En ambos lado del puente se encuentran buses que salieron de Managua, de Rosita y Siuna con destino a Bilwi y Waspam, y viceversa, así como camiones cargados con diversos productos alimenticios, incluyendo perecederos, madera, cemento y hierro. “No hay pasada, esto es una huelga y hasta que nos resuelvan (la demanda) vamos a dejar pasar”, responden quienes impiden el transito vehicular en ese lugar a unos desesperados transportistas y pasajeros, que hastiados por el atraso que les causan reclaman su derecho a circular libremente por la red vial.

En el sitio intentó pasar de Rosita hacia el poblado de sahsa una brigada médica de la nación cubana, sin embargo, no pudieron hacerlo a pesar de la reiterada solicitud que les hicieran a los dirigentes del tranque, que no tuvieron compasión de  ningún tipo

Incluso, EL NUEVO DIARIO, pudo observar en cada extremo a dos ambulancias de Rosita y Prinzapolka, una que se dirigía a Bilwi y otra a Rosita, a las que se les negó el paso, pese a que los demandantes firmaron ante la policía un compromiso de no obstaculizar el paso al ejército, la policía, ambulancias y personal médico.

Demandan demarcación y titulación de propiedades
El grupo de colonos que tiene instalado el tranque en el mencionado puente, y que se localiza a 8 kilómetros sobre la carretera Rosita a Bilwi, demandan la demarcación y titulación de sus propiedades, similar al avanzado proceso de reconocimiento jurídico del Estado sobre los territorios comunales de los pueblos indígenas.

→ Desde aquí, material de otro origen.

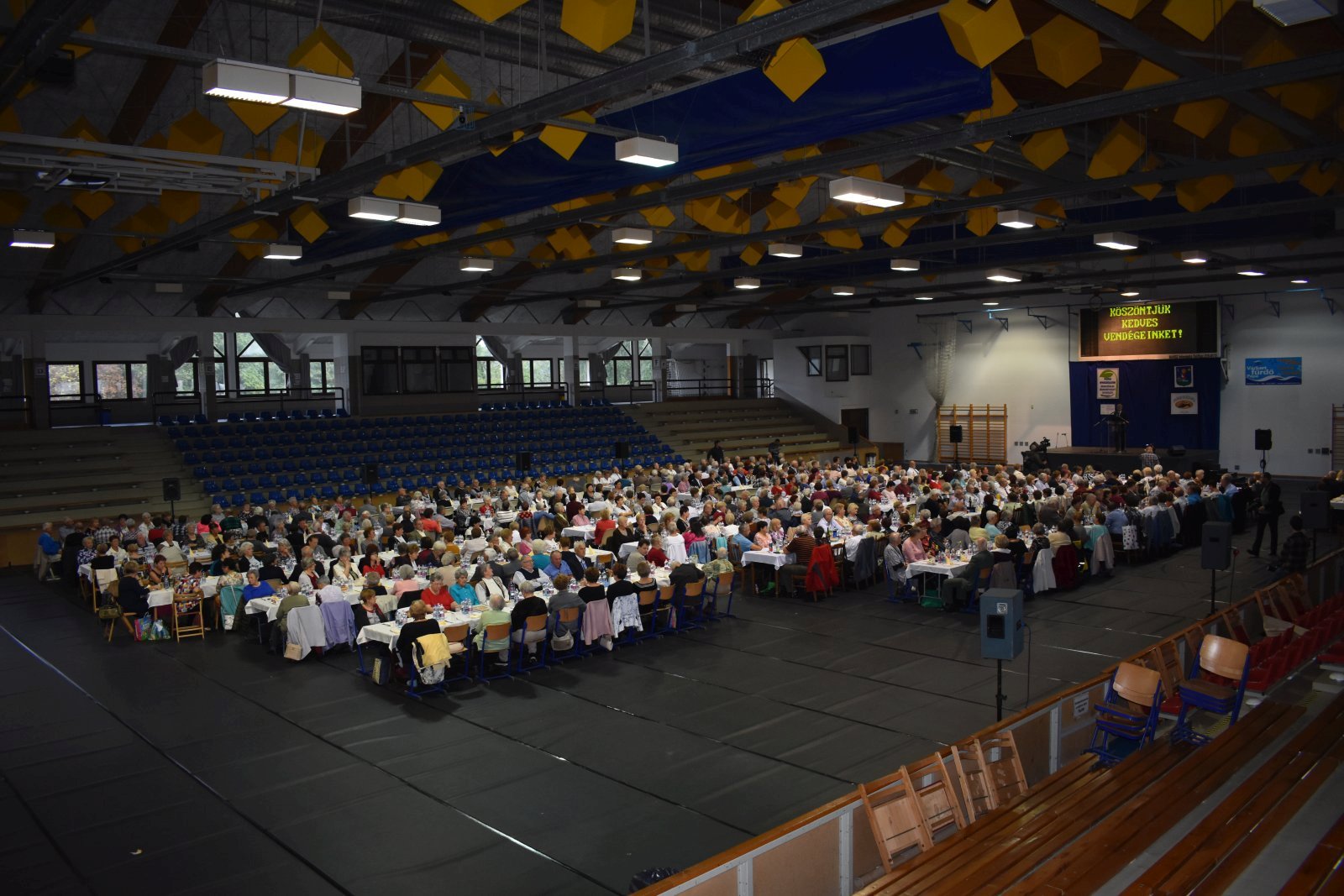 Az ünnepi szavakat közösen elfogyasztott ebéd, majd színes műsor követte, melyen többek között fellépett a Pápai Musical Stúdió, a Vadvirág Néptánccsoport és a nyugdíjas-egyesület irodalmi köre és énekkara is.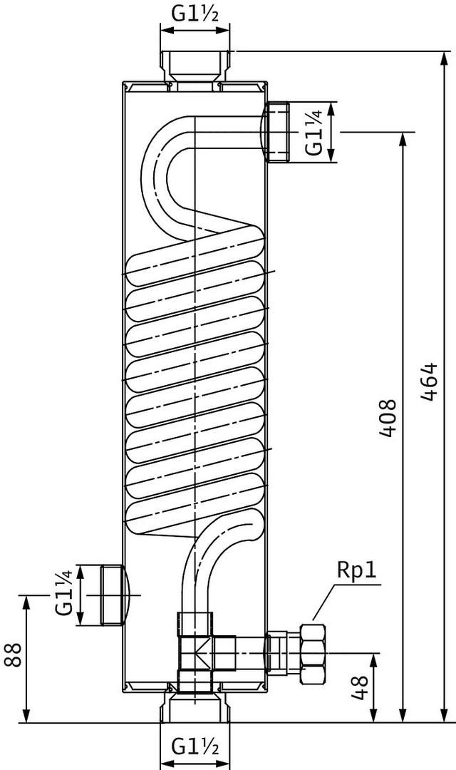 Wärmetauscher der Systemtrennung WS 5-24 Yonos PICO zur Übertragung der im Heizkessel erzeugten Wärme auf den Fußbodenheizkreis, passend auch zu WSG 5 24 Grundeinheit, bestehend aus: Mantel aus Messing (CuZn 36 Pb 2 As), Ø 100 mm außen, geripptes Wendelrohr aus Kupfer (SF-Cu), Ø 22 mm außen, Primärkreislauf (kesselseitig) durch Wendelrohr mit G 11/4" Außengewinde für Vorlauf und G 11/2" für Rücklauf sowie Anschluss Rp 1" für Bypass des 3-Wege Mischers, Sekundärkreis (Fußbodenheizung) durch Mantelraum des Wärmetauschers mit G 11/2" bzw. G 11/4" Außengewinde für Vor und Rücklauf

Estos bajaron de la zona de kukalaya arriba, y según Bonifacio Padilla, uno de los dirigentes de los demandantes, representan a 45 comarcas, habitadas por unas dos mil familias, que solicitan seguridad jurídica de las propiedades.

En las tierras donde se han asentado los demandantes por compra y venta, y por el simple hecho que no estaban ocupadas, existe un conflicto por la tenencia de la propiedad, las cuales, reclaman las comunidades indígenas como kakamuklaya (agua de iguana) y colectivos de ex – combatientes de yatama.

Sobre la tenencia de las tierras entre las comunidades indígenas y comarcas mestizas,  existe una abismal diferencia, que tiene que ver con historia, cultura, derecho y reivindicación. En principio las comunidades indígenas son los habitantes originarios de esa zona del caribe, viven en comunidades y por ellos sus territorios son comunales, que no se pueden vender, gravar ni enajenar. Sus propiedades las heredan de forma colectiva de generación en generación, constituyendo las tierras como lo más valioso y representativo de sus vidas.

En el caso de las propiedades mestizas, estas pertenecen a particulares, cuyos dueños las pueden vender, donar, hipotecar y heredar. Las que adquieren los mestizos no originarios del caribe por compra y venta y por distintas formas, representan un bien cuantitativo y un status social dependiendo del valor de las mismas.